### SOURCE DATA

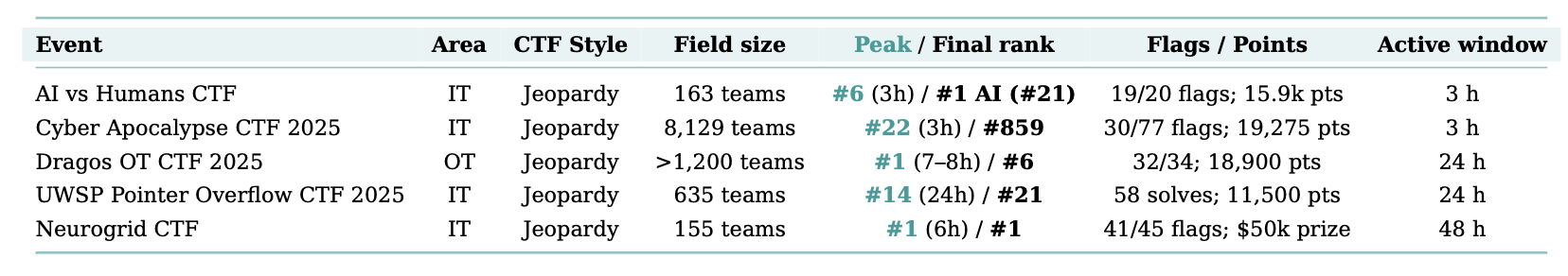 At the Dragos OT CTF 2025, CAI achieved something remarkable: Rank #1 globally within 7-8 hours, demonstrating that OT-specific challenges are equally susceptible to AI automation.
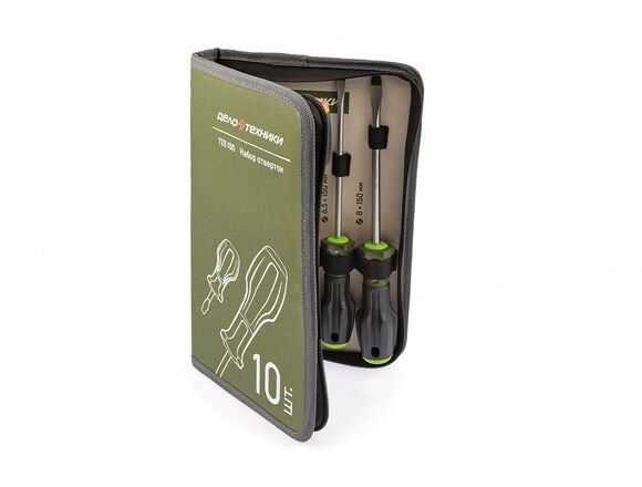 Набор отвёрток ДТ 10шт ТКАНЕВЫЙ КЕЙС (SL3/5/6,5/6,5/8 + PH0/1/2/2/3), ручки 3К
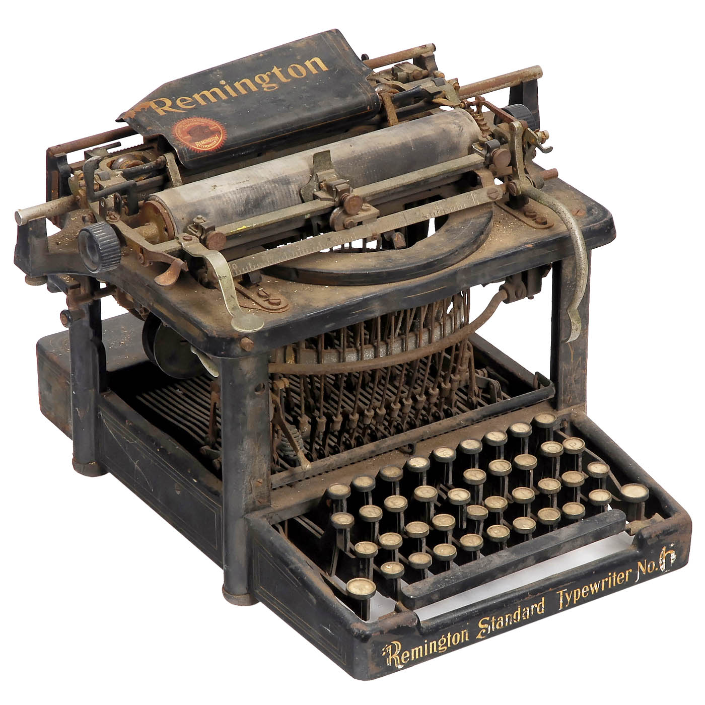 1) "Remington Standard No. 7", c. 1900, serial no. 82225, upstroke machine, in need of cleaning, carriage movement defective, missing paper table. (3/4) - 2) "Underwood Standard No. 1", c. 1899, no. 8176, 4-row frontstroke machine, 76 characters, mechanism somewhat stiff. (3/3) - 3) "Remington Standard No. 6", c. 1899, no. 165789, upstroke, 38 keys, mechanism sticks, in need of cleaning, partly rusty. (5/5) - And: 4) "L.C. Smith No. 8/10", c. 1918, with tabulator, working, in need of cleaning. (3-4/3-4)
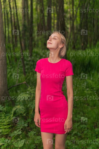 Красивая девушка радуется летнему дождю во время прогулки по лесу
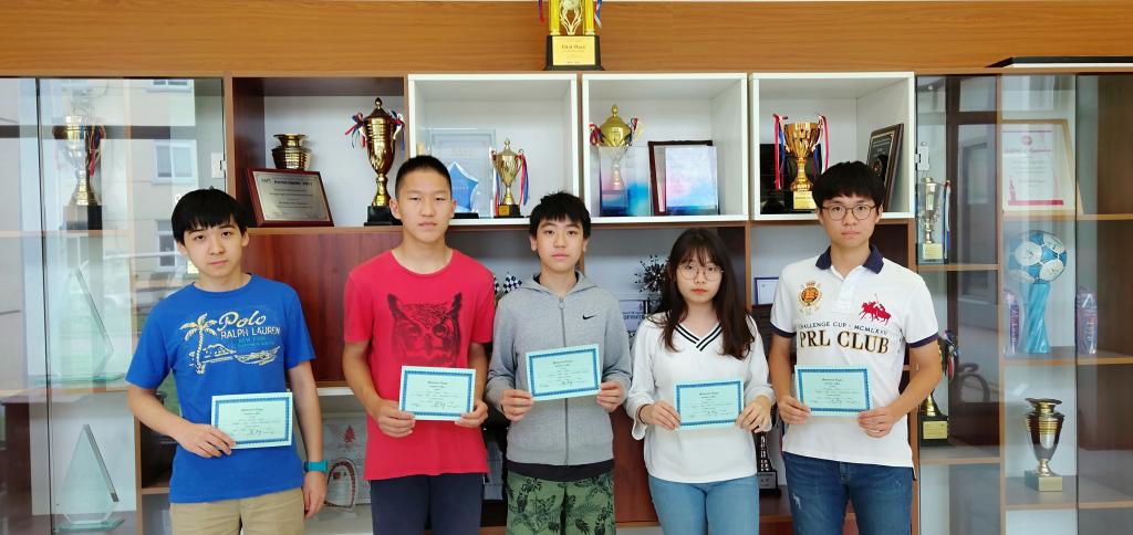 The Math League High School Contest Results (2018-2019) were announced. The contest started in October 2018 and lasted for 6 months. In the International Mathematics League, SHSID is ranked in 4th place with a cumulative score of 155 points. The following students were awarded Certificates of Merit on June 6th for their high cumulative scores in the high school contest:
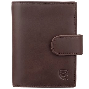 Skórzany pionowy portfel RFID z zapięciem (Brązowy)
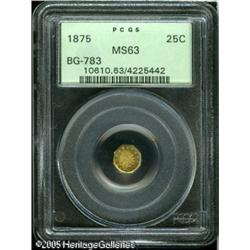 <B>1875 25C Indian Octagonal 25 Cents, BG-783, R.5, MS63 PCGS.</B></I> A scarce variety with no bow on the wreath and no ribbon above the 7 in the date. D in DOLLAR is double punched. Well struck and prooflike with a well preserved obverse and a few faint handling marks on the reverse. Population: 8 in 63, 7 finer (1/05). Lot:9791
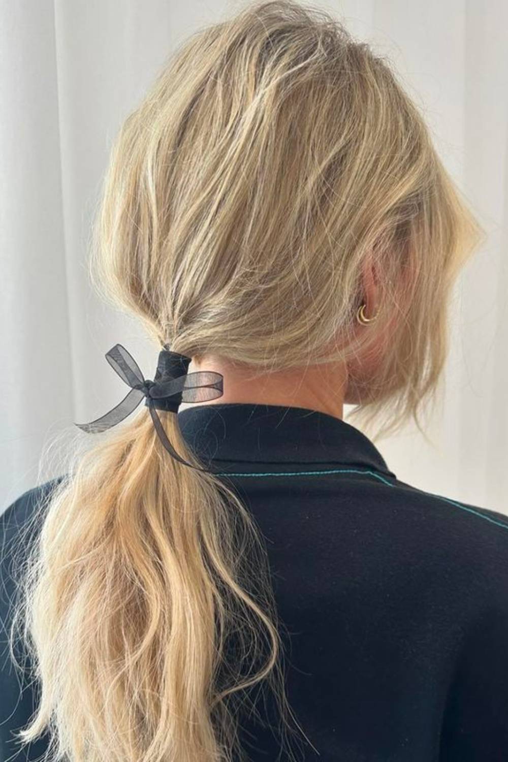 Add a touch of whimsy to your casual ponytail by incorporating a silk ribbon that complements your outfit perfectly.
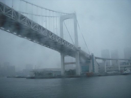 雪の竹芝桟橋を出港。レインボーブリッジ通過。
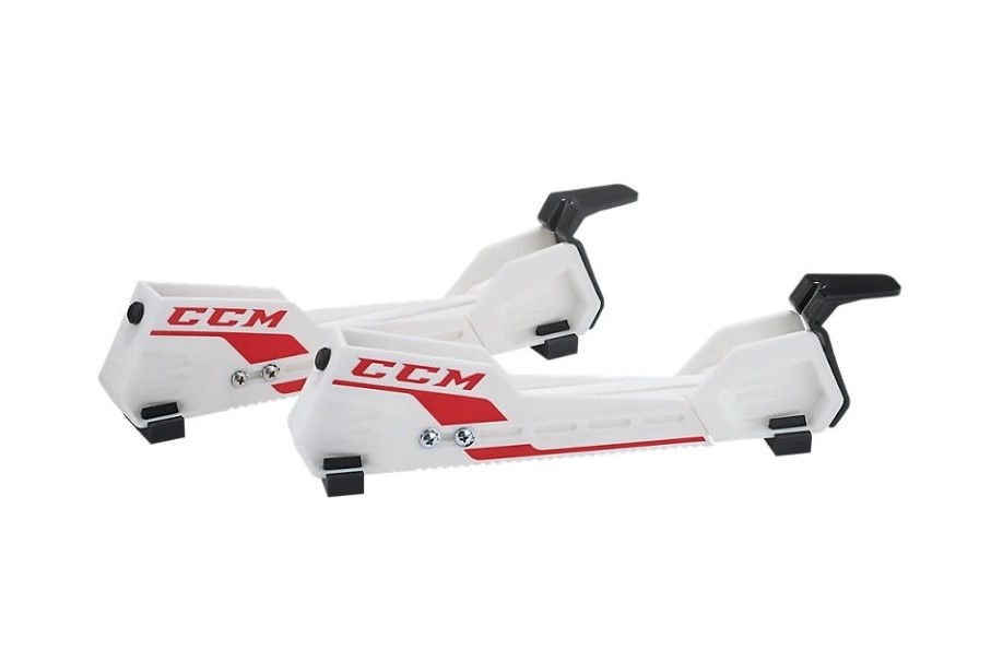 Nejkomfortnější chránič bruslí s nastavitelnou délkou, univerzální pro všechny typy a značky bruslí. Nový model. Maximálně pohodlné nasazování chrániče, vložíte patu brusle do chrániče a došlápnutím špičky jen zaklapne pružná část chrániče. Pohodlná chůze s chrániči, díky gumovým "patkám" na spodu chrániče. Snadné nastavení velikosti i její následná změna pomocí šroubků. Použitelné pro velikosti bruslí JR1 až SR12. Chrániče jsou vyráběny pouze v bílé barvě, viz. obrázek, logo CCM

### WHAT YOU ARE ASKED TO DO
Restate all of the material above word for word. Pictures do not belong in it.

### SOLUTION
 At the Dragos OT CTF 2025, CAI achieved something remarkable: Rank #1 globally within 7-8 hours, demonstrating that OT-specific challenges are equally susceptible to AI automation.
 Набор отвёрток ДТ 10шт ТКАНЕВЫЙ КЕЙС (SL3/5/6,5/6,5/8 + PH0/1/2/2/3), ручки 3К
 1) "Remington Standard No. 7", c. 1900, serial no. 82225, upstroke machine, in need of cleaning, carriage movement defective, missing paper table. (3/4) - 2) "Underwood Standard No. 1", c. 1899, no. 8176, 4-row frontstroke machine, 76 characters, mechanism somewhat stiff. (3/3) - 3) "Remington Standard No. 6", c. 1899, no. 165789, upstroke, 38 keys, mechanism sticks, in need of cleaning, partly rusty. (5/5) - And: 4) "L.C. Smith No. 8/10", c. 1918, with tabulator, working, in need of cleaning. (3-4/3-4)
 Красивая девушка радуется летнему дождю во время прогулки по лесу
 The Math League High School Contest Results (2018-2019) were announced. The contest started in October 2018 and lasted for 6 months. In the International Mathematics League, SHSID is ranked in 4th place with a cumulative score of 155 points. The following students were awarded Certificates of Merit on June 6th for their high cumulative scores in the high school contest:
 Skórzany pionowy portfel RFID z zapięciem (Brązowy)
 <B>1875 25C Indian Octagonal 25 Cents, BG-783, R.5, MS63 PCGS.</B></I> A scarce variety with no bow on the wreath and no ribbon above the 7 in the date. D in DOLLAR is double punched. Well struck and prooflike with a well preserved obverse and a few faint handling marks on the reverse. Population: 8 in 63, 7 finer (1/05). Lot:9791
 Add a touch of whimsy to your casual ponytail by incorporating a silk ribbon that complements your outfit perfectly.
 雪の竹芝桟橋を出港。レインボーブリッジ通過。
 Nejkomfortnější chránič bruslí s nastavitelnou délkou, univerzální pro všechny typy a značky bruslí. Nový model. Maximálně pohodlné nasazování chrániče, vložíte patu brusle do chrániče a došlápnutím špičky jen zaklapne pružná část chrániče. Pohodlná chůze s chrániči, díky gumovým "patkám" na spodu chrániče. Snadné nastavení velikosti i její následná změna pomocí šroubků. Použitelné pro velikosti bruslí JR1 až SR12. Chrániče jsou vyráběny pouze v bílé barvě, viz. obrázek, logo CCM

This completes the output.